Abstract:
Predictions in ungauged watersheds are regarded as some of the most challenging tasks in surface hydrology. A large amount of parameters and input data are required for the application of most hydrological models. Calibration of these models require high quality, sufficiently long term observation of streamflow and other variables, but observed data on both temporal and spatial scales of interest are always very limited. Due to the difficulty in direct implementation of hydrologic models in ungauged watersheds, alternative strategies for prediction are required. Prediction of streamflow in ungauged watersheds is performed through the transfer of hydrologic information (e.g., streamflow values, hydrologic indices, model parameters) from gauged to ungauged watersheds.
The objective of this study was to assess the transferability of the Soil and Water Assessment Tool (SWAT) model parameters from gauged sub-watersheds for streamflow simulation in “ungauged” sub-watersheds of the Upper Tana Watershed.
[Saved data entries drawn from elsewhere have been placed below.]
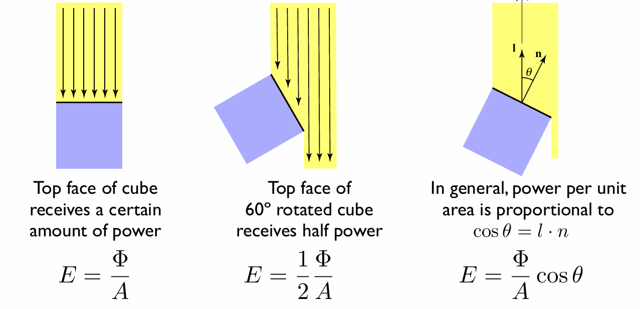 \[\Phi = \int_{\mathbb{S}^2} I\ \text{d}\boldsymbol{\omega} = 4\pi I, \quad I = \frac{\Phi}{4\pi}\]辐照度(Irradiance, $E$)
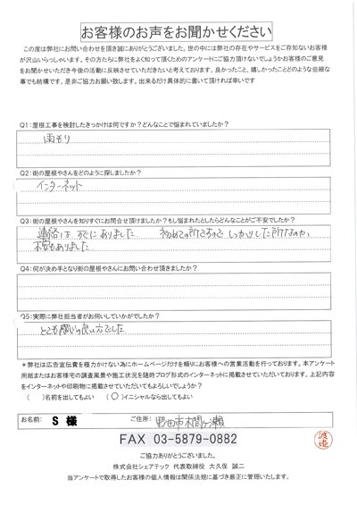 野田市で屋根工事を行ったお客様の声
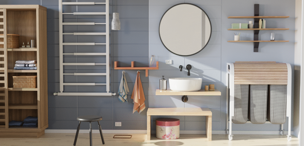 Un aspecto funcional clave es su cubierta superior de madera con diseño de listones (tipo persiana). Esta superficie no solo cumple una función estética al ocultar el contenido, sino que transforma el mueble en una estación de trabajo auxiliar ideal para el doblado o apoyo de prendas. Montado sobre ruedas giratorias para facilitar el desplazamiento sin esfuerzo físico, el producto fusiona la utilidad de un clasificador industrial con una estética cálida y contemporánea para el hogar."
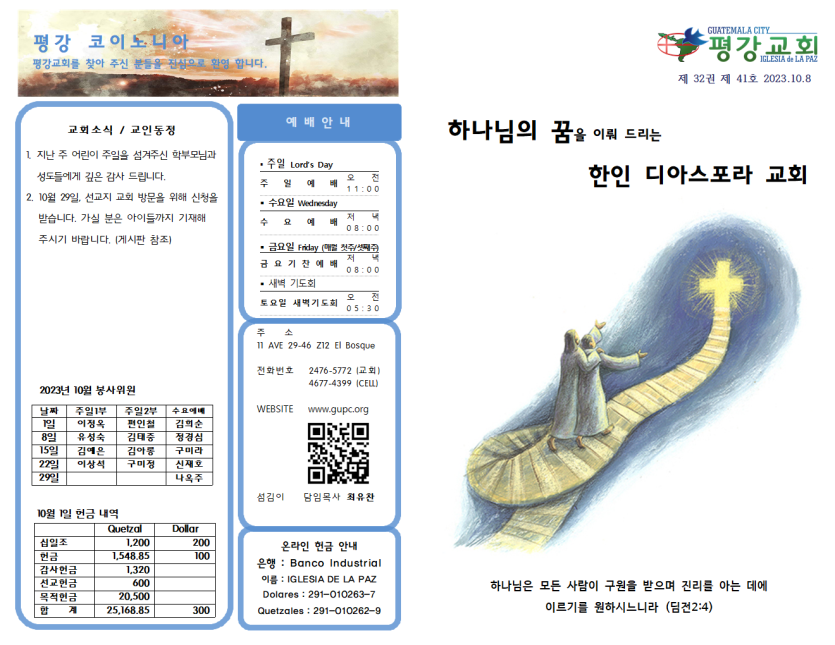 2023년 10월 8일 주일예배 주보 페이지 정보 작성자 과테말라평강교회 댓글 0건 조회 1,197회 작성일 23-10-07 19:00 목록 본문 2023년 10월 8일 주일예배 주보 이전글2023년 10월 15일 주일예배 주보 23.10.14 다음글2023년 10월 1일 주일예배 주보 23.09.30 댓글 0 댓글목록 등록된 댓글이 없습니다.
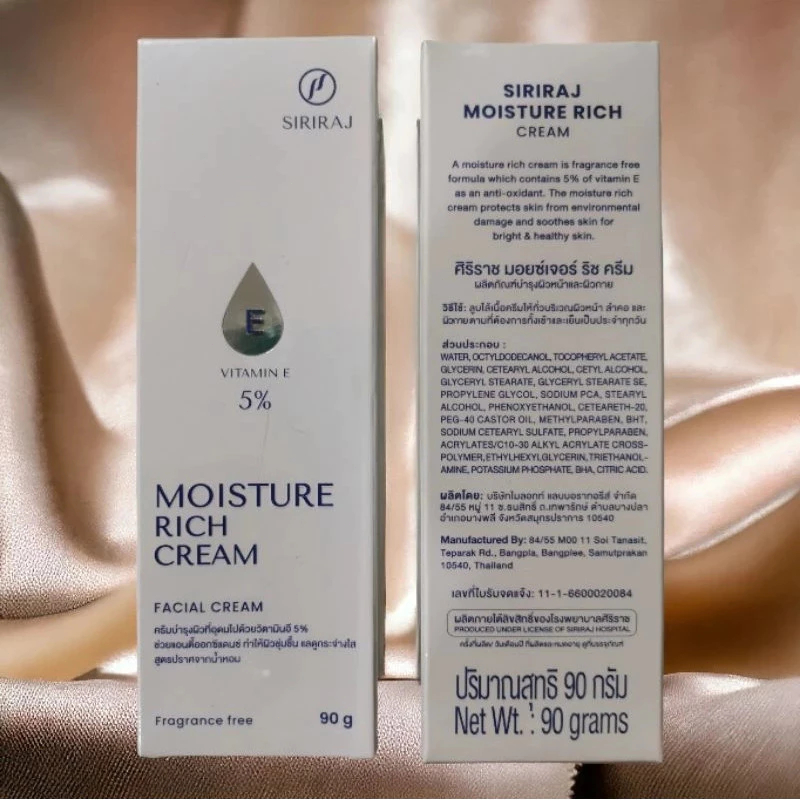ศิริราช มอยซเจอร์ ริช ครีม (ใหม่) Siriraj Moisture Rich Cream Vitamin E 5% | ขนาด 90 กรัม
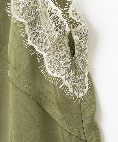 체크 배색 프릴 포인트 볼륨 플레어 캉캉 미디 스커트 [퍼플]
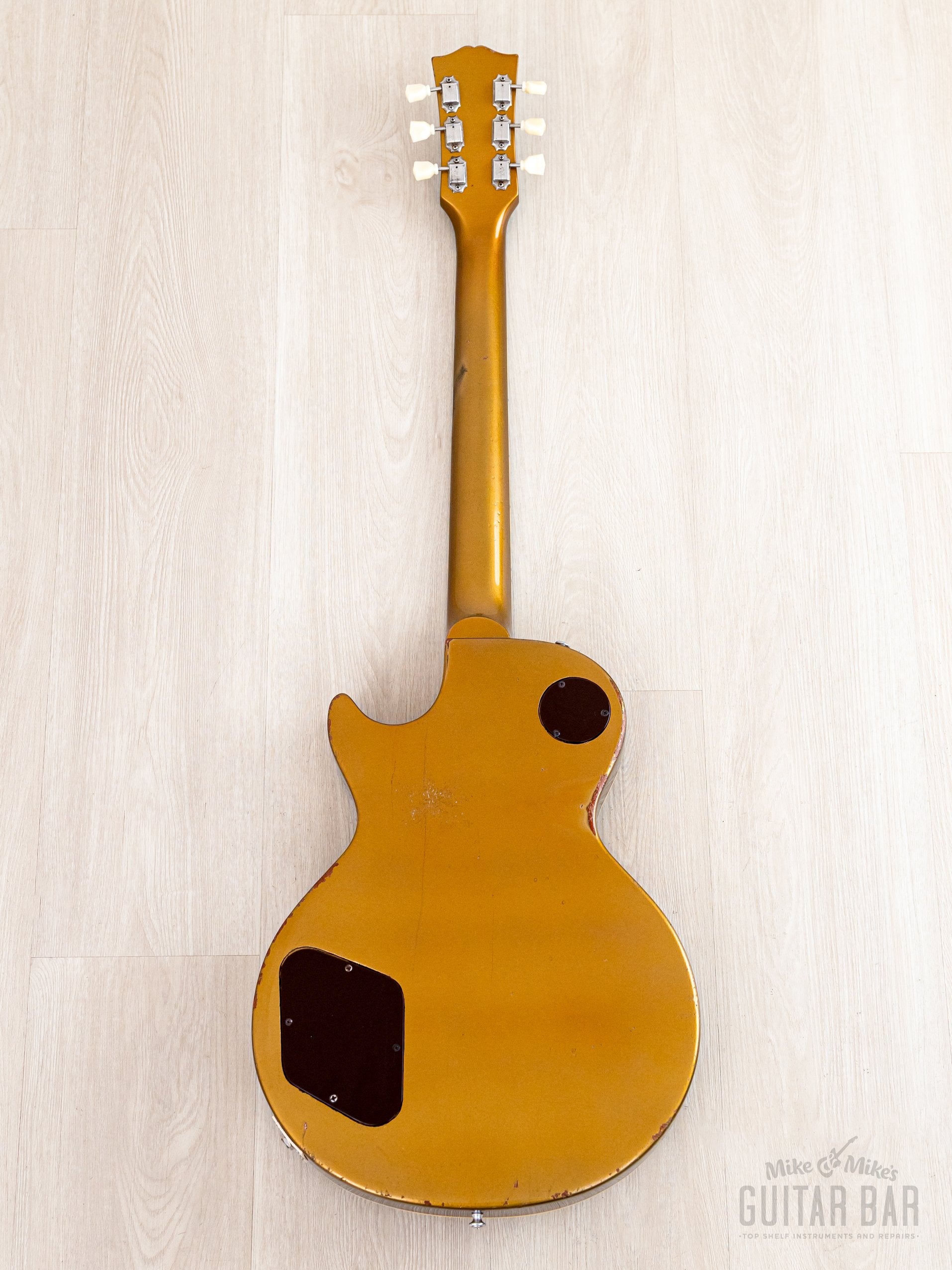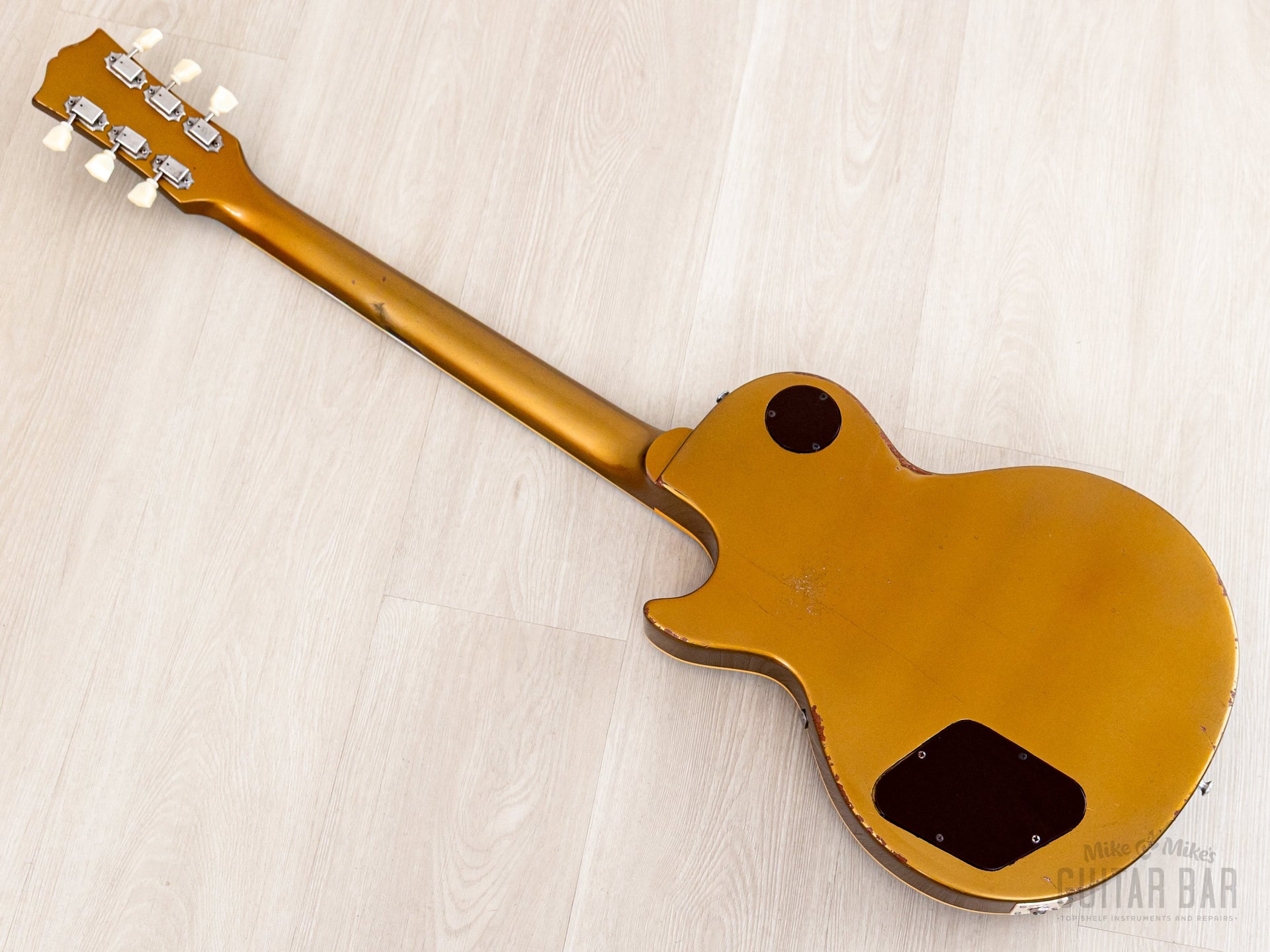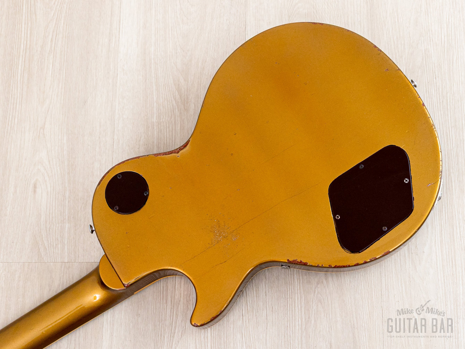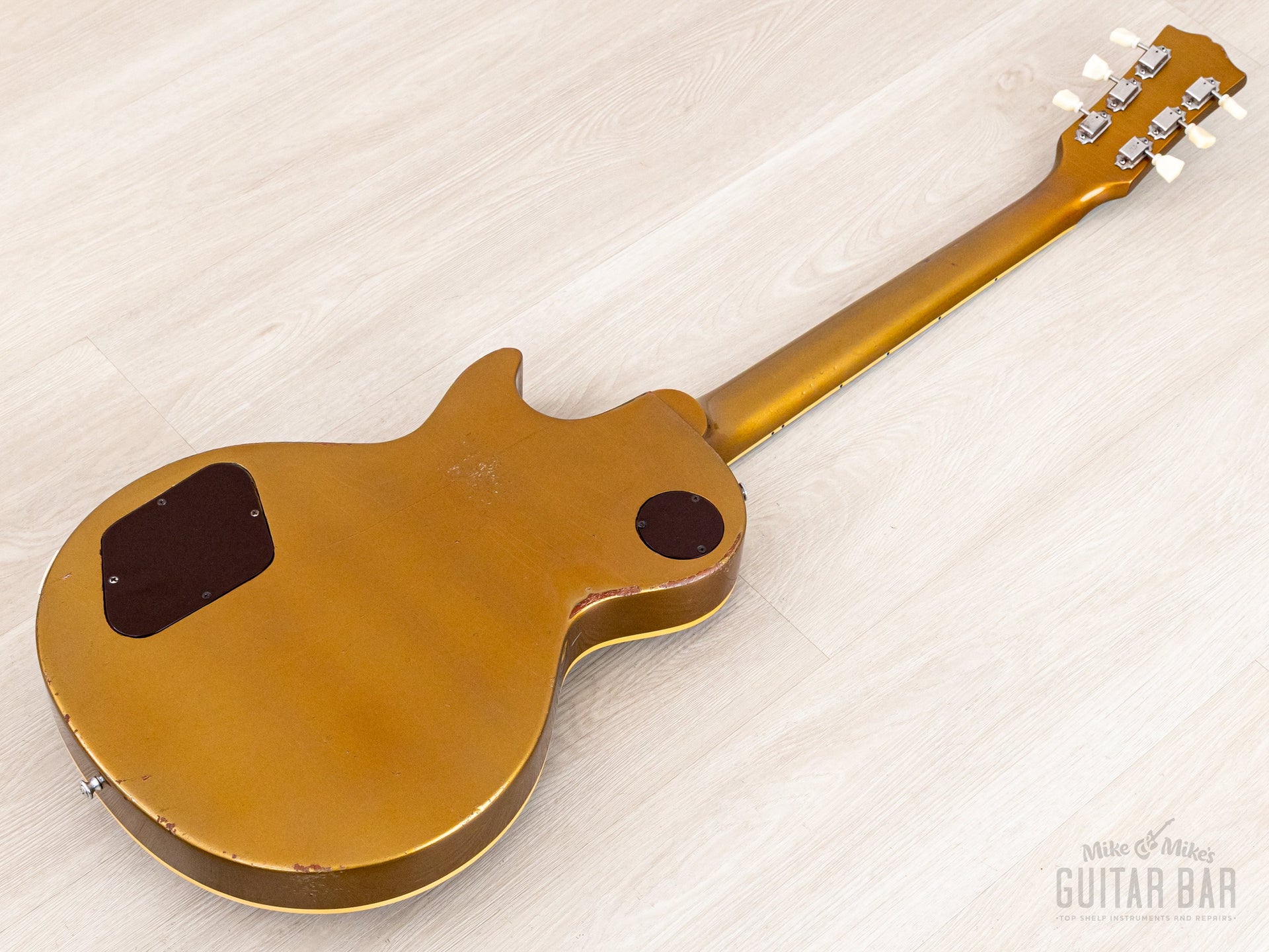 The fresh gloss “All Gold” nitro lacquer refinish was executed by Riggio Custom Guitars, pitch-perfect in its hue and saturation. Riggio partnered with Gibson to share his gold finish formulation, which has been in-use on Gibson’s Custom Shop Historic instruments since 2023. The finish has been treated with Riggio’s aging process (light relic), exhibiting checking and marks of synthesized wear. The neck profile has undergone the same treatment.
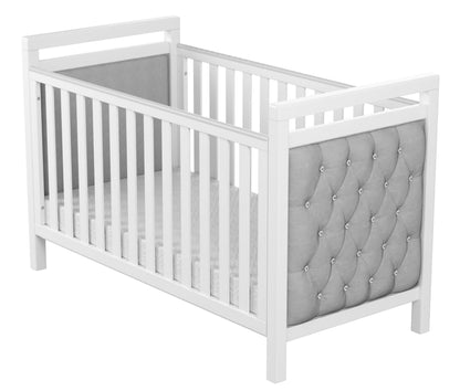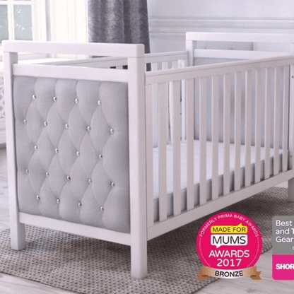 Introducing the BabyMore Luxurious Soft Touch Velvet Cot Bed – a timeless masterpiece seamlessly marrying elegance with functionality. This cot bed, featuring a classic white finish and adorned with diamante tufted upholstery, makes a striking statement in any nursery.
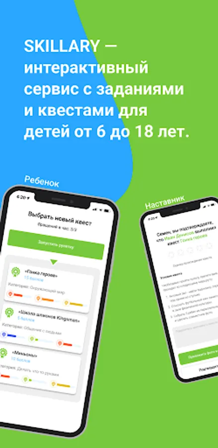 SKILLARY is an app for kids ages 6 to 12 with tasks that take place in the real world. More than 30 areas of tasks from creative to sports. Courses on professions, selections of games. The child develops skills and personality traits, gains experience and learns to spend his free time outside the gadget.
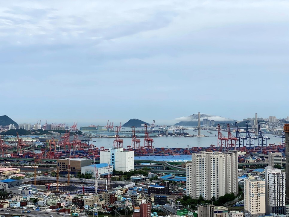 전망대에서 바라본 부산 앞바다의 아름다운 풍경이다.
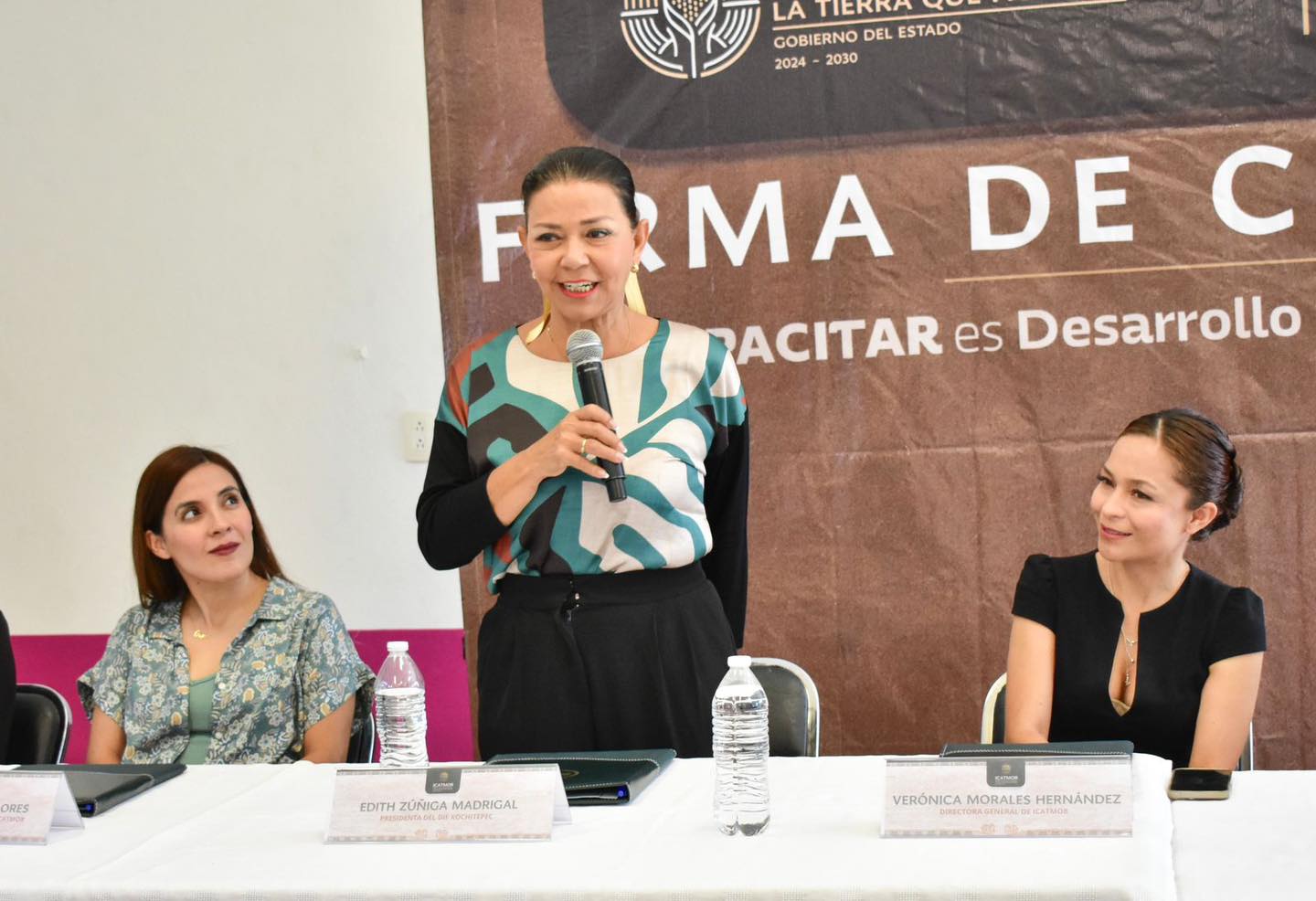 Por su parte, la Directora General del ICATMOR, Lic. Verónica Morales Hernández, expresó que el convenio no solo se enfoca en el desarrollo de habilidades, sino que también ofrecerá un acompañamiento continuo a los participantes, ayudándolos a transformar sus conocimientos en proyectos productivos.
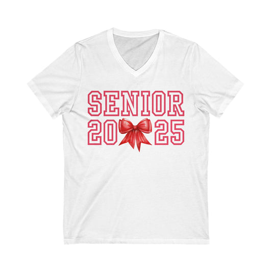Graduation 2025 Unisex V-Neck Tee with Red Font and Bow
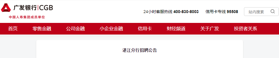 2021廣發(fā)銀行廣東湛江分行招聘公告已發(fā)布,報(bào)名時(shí)間:2021年6月30日截止,現(xiàn)將招聘公告原文發(fā)布如下:
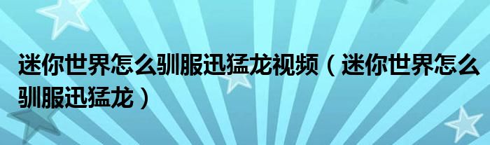 关于迷你世界怎么驯服迅猛龙视频,迷你世界怎么驯服迅猛龙这个很多人还不知道,今天菲菲来为大家解答以上的问题,现在让我们一起来看看吧!
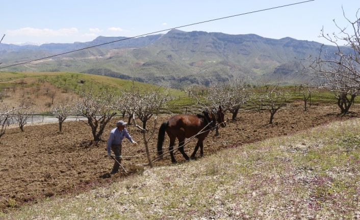 Siirt’te fıstık üreticileri, il piyasasına yıllık 350-400 milyon lira gelir getiren fıstık bahçelerinde korona virüs yüzünden çalıştıracak işçi bulamayınca tarlalarını atlarla sürdü.

Three methods namely: spatial proximity, global averages and regression were evaluated as approaches for developing SWAT parameters values to enable estimation of daily streamflow for ungauged sub-watersheds with a certain degree of accuracy. In Upper Tana watershed, water is used for electricity generation by five main hydropower stations in Tana River, municipal water supply and for irrigation schemes. With increased demand of water to meet agricultural, domestic, municipal and industrial needs, there is an urgent need to manage water resources in the Upper Tana Watershed in a sustainable and integrated way.
SWAT was calibrated at a daily time step in four sub-watersheds of the Upper Tana Watershed. Model calibration was first done manually and then automatically using the Sequential Uncertainty Fitting version 2 (SUFI-2) algorithm in the SWAT CUP software. The spatial proximity method was used to transfer parameters between neighbouring sub-watersheds. Global average parameters were determined by computing the mean of each of the parameters used in calibration. For the regression based transfer method, physical sub-watershed characteristics were derived from spatial data using GIS. Stepwise regression was used to develop equations which relate the sub-watershed characteristics to model parameters therefore enabling estimation of model parameters from sub watershed characteristics.
The SWAT model performed well in simulating daily streamflow, attaining a coefficient of determination (R2) ranging from 0.57 to 0.69 and Nash-Sutcliffe efficiency (NSE) ranging from 0.51 to 0.67. The spatial proximity method yielded R2 ranging from 0.5 to 0.69. Global average parameters method attained R2 ranging from 0.54 to 0.67. For the regression based transfer method, R2 obtained ranged from 0.5 to 0.73.
The spatial proximity method performed better than the global average and regression method. This was evident through the performance statistics and the simulation of the high and low flows. However, there is need to compare results from a different hydrological model in order to evaluate how the transfer approaches perform. The results of this study indicated that transfer of SWAT model parameters can be used to generate streamflow data in ungauged sub-watersheds for the purposes of water resources planning and management.